De hamersmidsen verhitten ijzererts door middel van houtskool in de zogenoemde "rennofen", "rennherden" of "rennfeuer". (Georgius Agricola, 1556). In deze smeltoven die van eveneens door waterkracht aangedreven blaasbalgen voorzien was, werd het erts tot een gloeiende klomp van ruw ijzer, slak en koolresten versmolten. Het ijzer werd daarbij niet vloeibaar zoals in een hoogoven, maar bleef een deegachtige klomp. Deze zogeheten 'loep' werd dan met de hamers net zo lang uitgesmeed en in een andere oven opnieuw verhit, totdat er geen slak en kolenresten meer over waren. Het ijzer kon vervolgens direct als smeedijzer worden gebruikt. Een navolgend hardingsproces zoals bij hoogovenvervaardiging was niet noodzakelijk.

Een verhelderend beeld van een hamersmidse geeft ons het boek: AGRICOLA, Georgius (1556): De re metallica libri XII. - Basel. Op de achtergrond ziet men de Rennofen, daarvoor wordt een loep hardhandig van slakresten ontdaan. Helemaal vooraan wordt de loep uitgesmeed onder de hamer

Wijdverbreid waren hamersmidsen sinds de late Middeleeuwen in de Opper-Palts, in het bijzonder in de buurt van de steden Amberg en Sulzbach, in het Thüringer Wald (de "Lauter-" en "Niederhammer" in Suhl reeds in 1363), in het Fichtelgebergte, in het Ertsgebergte en in de Harz. In deze buurten kwam ijzer voor dat met de middelen van destijds gewonnen kon worden. Zo kreeg de Opper-Palts de bijnaam Ruhrgebied van de Middeleeuwen.

Plaatsnamen die op -hammer eindigen, komen in deze streken veel voor.

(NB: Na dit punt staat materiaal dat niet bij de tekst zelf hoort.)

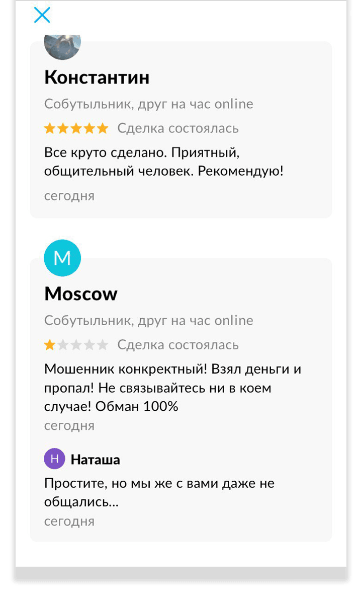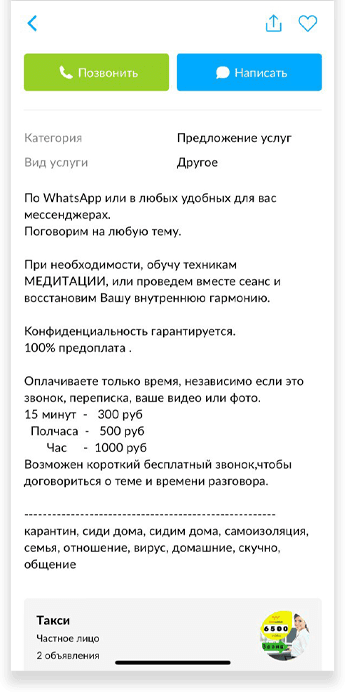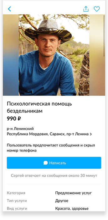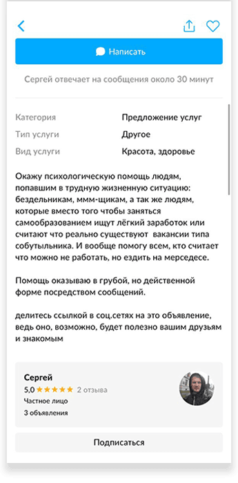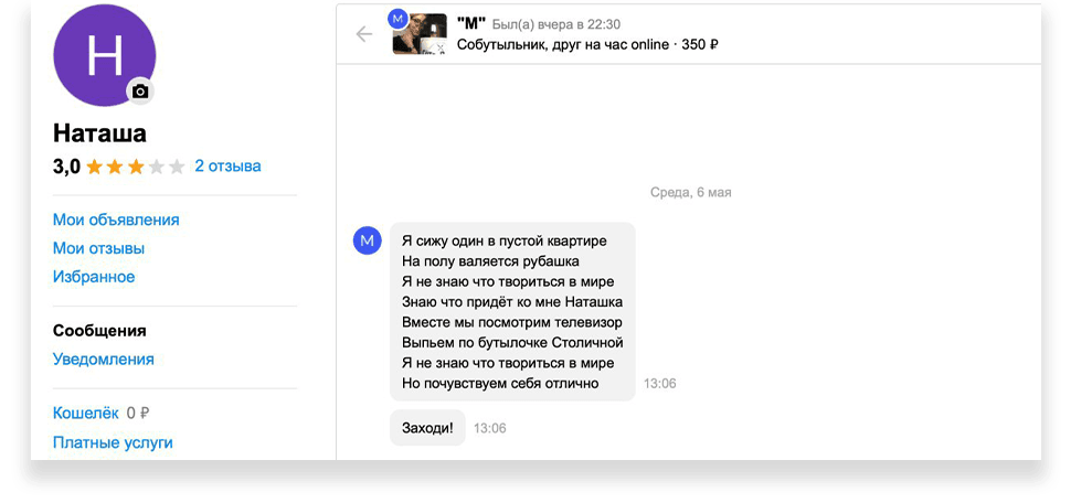 «Вы с этой самоизоляцией с ума посходили! Откуда столько предложений такого характера? Неужели больше никак не заработать? И вы готовы себя продавать?» — написал мне один из пользователей. Когда количество похожих возмущённых комментариев к моей анкете перевалило за дюжину, я стала анализировать профили авито-хейтеров. Мне хотелось понять, кто все эти высокоморальные люди. У одного висели объявления о продаже участка в шесть соток и надувного матраса, другой предлагал шашлык на развес и бампер для «мазды», третьему кто-то оставил хороший отзыв к услуге «мелкий бытовой ремонт». Всерьёз сердиться на них не получалось: все мы в одной авито-лодке, и цель у нас одна — заработок. Ещё меня поражала открытость и непосредственность людей, которые писали в личку. Вообще «Авито» напоминает интернет начала нулевых, когда ни чувства стыда, ни онлайн-этикета, ни новой, основанной на инклюзивности, этики ещё не существовало и можно было лезть со своим мнением куда угодно и получать от этого кайф.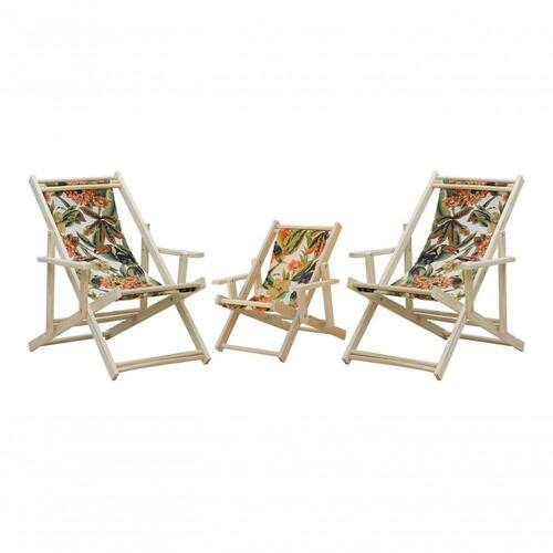 Kit 3 Espreguiçadeiras 2 Adulto E 1 Infantil-tucano 3 ESPREGUIÇADEIRAS C/B (2 ADULTO e 1 INFANTIL)Sabe aquele final de tarde que você tanto espera para tirar um descanso merecido? Ou aquela viagem para a praia programada a meses com a família? Pois é, nossas cadeiras espreguiçadeira serve exatamente para esses momentos, com várias opções de cores, os tecidos além de charmosos são hidro-repelentes e se adequam a qualquer ambiente, facilmente removíveis para higienização.Estrutura 100% de madeira maciça de ótima qualidade, a espreguiçadeira é totalmente dobrável e reclinável (4 posições de ângulo), com descanso para braço, sendo possível montar invertida sem o encosto de braço, perfeita para seu lazer em todos os ambientes, esse é o item que definitivamente não pode faltar na vida de quem de fato, quer aproveitar bons momentos! Medidas Cadeira Espreguiçadeira Adulto:Dimensões aproximadas do produto:Comprimento: 135 cm;Largura: 68 cm;Peso: 8,5 Kg4 Níveis de regulagem de alturaSuporta aproximadamente 120 kg.Fabricada Madeira Maciça Pinus Medidas Cadeira Espreguiçadeira Infantil:Dimensões aproximadas do produto:Altura 1: 74,5 cm;Altura 2: 64 cm;Altura 3: 51 cm;Profundidade: 66 cm.Dimensão aproximada total:Comprimento: 64 cm;Largura: 56 cm;03 Níveis de Regulagem de Altura;Tecido Reforçado;Fabricada em Madeira Maciça Pinus;Peso aproximado: 5,5 Kg;Suporta aproximadamente 70 kg;Cor da Madeira: ;Informações Adicionais:Garantia: 90 dias contra defeitos de fabricação.Acompanha 2 cadeiras adultas e 1 infantil Obs. A cor pode variar da foto conforme a tonalidade da madeira e iluminação.. !!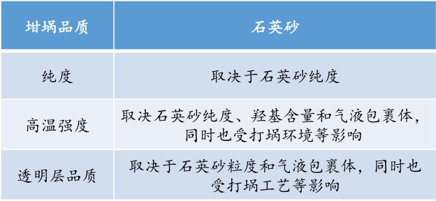 石英坩埚产品质量直接影响直拉单晶硅的品质和成本,而拉晶工艺升级则对石英坩埚纯度、寿命和尺寸提出了更高的要求,进一步激发高端石英坩埚需求。高纯石英砂作为制作石英坩埚的核心原料,其品质水平及成本等级很大程度上决定了石英坩埚的性能及成本。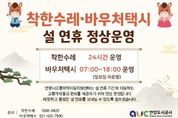 (뉴스폼) 안양시는 2월 14일부터 18일까지 설 명절 연휴 기간에도 ‘착한수레’와 ‘바우처택시’를 정상 운영한다고 11일 밝혔다. 두 교통수단은 대중교통 이용이 어려운 장애인·임산부·영유아 등 교통약자의 병원 진료, 등·하교, 출·퇴근 등 일상 이동을 지원한다. ‘착한수레’는 중증 보행 장애인과 휠체어 이용자 등 거동이 불편한 시민이 이용할 수 있다. 현재 42대를 연중무휴 운영 중이며, 올해 노후 차량 5대를 교체해 운행 안정성을 높일 계획이다. 경기도 교통약자 광역이동지원센터 콜센터와 누리집, 모바일 앱을 통해 24시간 접수 및 이용이 가능하다. ‘바우처택시’는 평상시 일반택시로 운행되다가, 안양시 교통약자콜센터의 배정을 받으면 교통약자 이동을 지원하는 방식의 교통수단이다. ‘착한수레’ 이용 대상에 포함되지 않는 비휠체어 교통약자 등이 이용할 수 있으며, 현재 67대를 운영 중이다. 안양시 교통약자이동지원센터 콜센터를 통해 오전 7시부터 오후 6시까지 이용할 수 있고, 일요일은 운영하지 않는다. 시 관계자는 “설 명절에도 교통약자들이 이동에 불편함 없이 가족과 따뜻한 시간을 보낼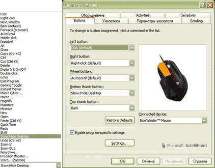 Управляющее ПО IntelliPoint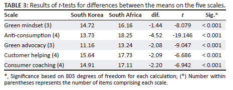 MAIN FINDINGS: Statistically significant differences exist on all five scales. The secondary data favoured South Korea from a green perspective; however, for all five constructs subjected to empirical scrutiny, the results from South Africa produced a significantly higher mean than what was in evidence in the sample of South Korean residents.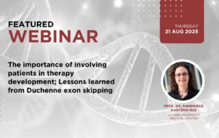 Date: August 21, 2025 Time: 11-12pm EDT / 5-6pm CEST Title: The importance of involving patients in therapy development; Lessons learned from Duchenne exon skipping Description: Duchenne muscular dystrophy is a progressive muscle wasting disease caused by lack of dystrophin protein. The exon skipping approach uses ...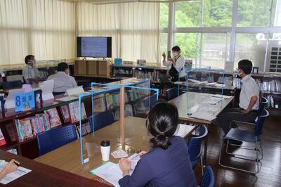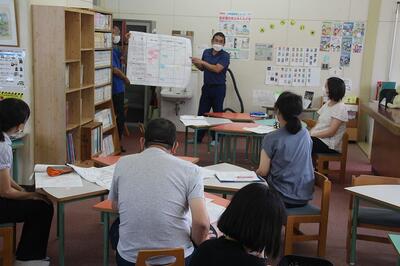 6月8日の校内研修では、研究の仮説と家庭学習への取組などについて話し合いました。今年度の研究で特に力を入れる取組の一つに、家庭学習があります。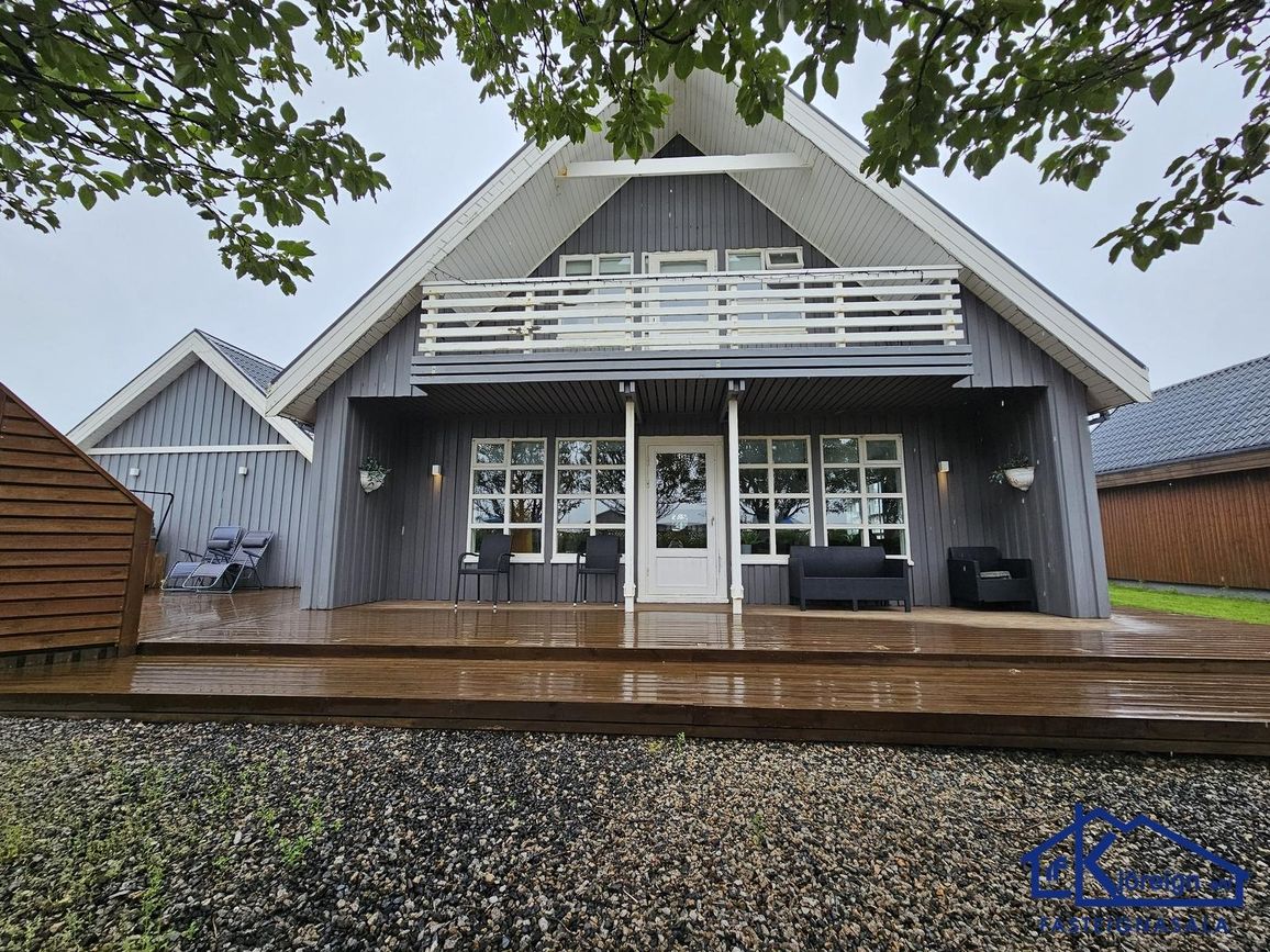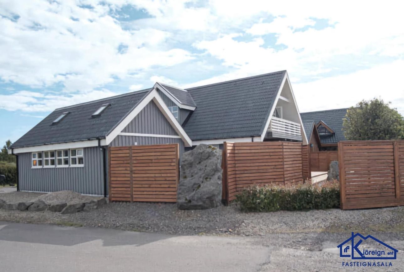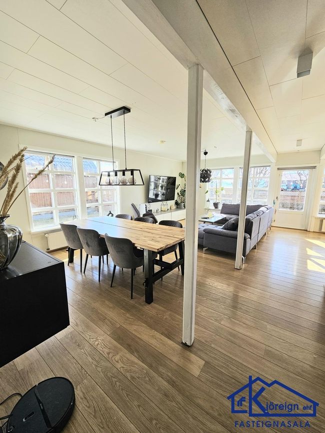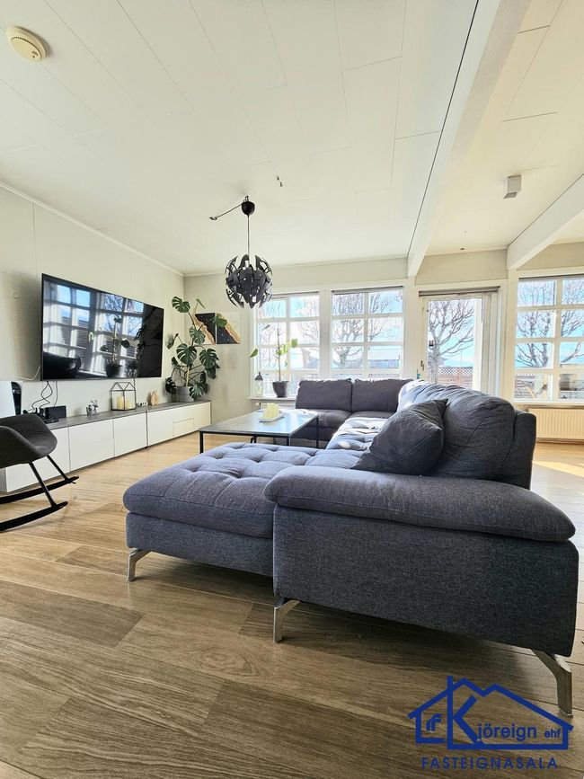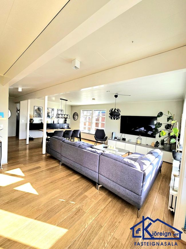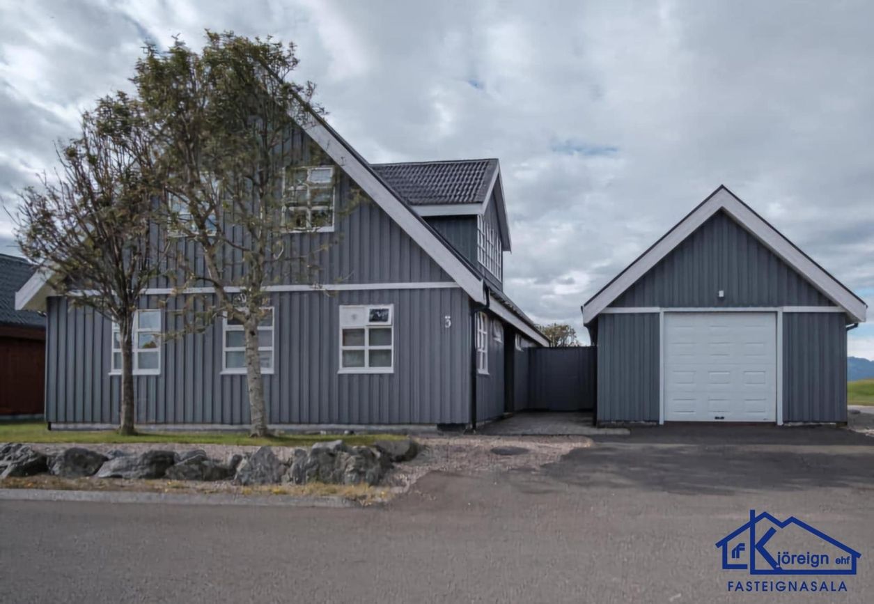 214,8 fm einbýlishús með 2 hæðum, endurnýjað eldhús og baðherbergi, bílskúr með rafmagni, garður með rafmangspotti.

Typische producten van hamersmidsen waren

  • Staafijzer (als ruw materiaal voor de buissmederijen in Suhl)
  • Staven
  • Onvertind blik
  • Vertind blik
  • Draad

en gedijden zo in de handel. De verdere verwerking tot eindproducten gebeurde meestal buiten het ontwikkelgebied, in het Thüringer wald meestal naar plaats (Suhl en Zella-Mehlis: wapens; Schmalkalden, Steinbach-Hallenberg: gereedschappen).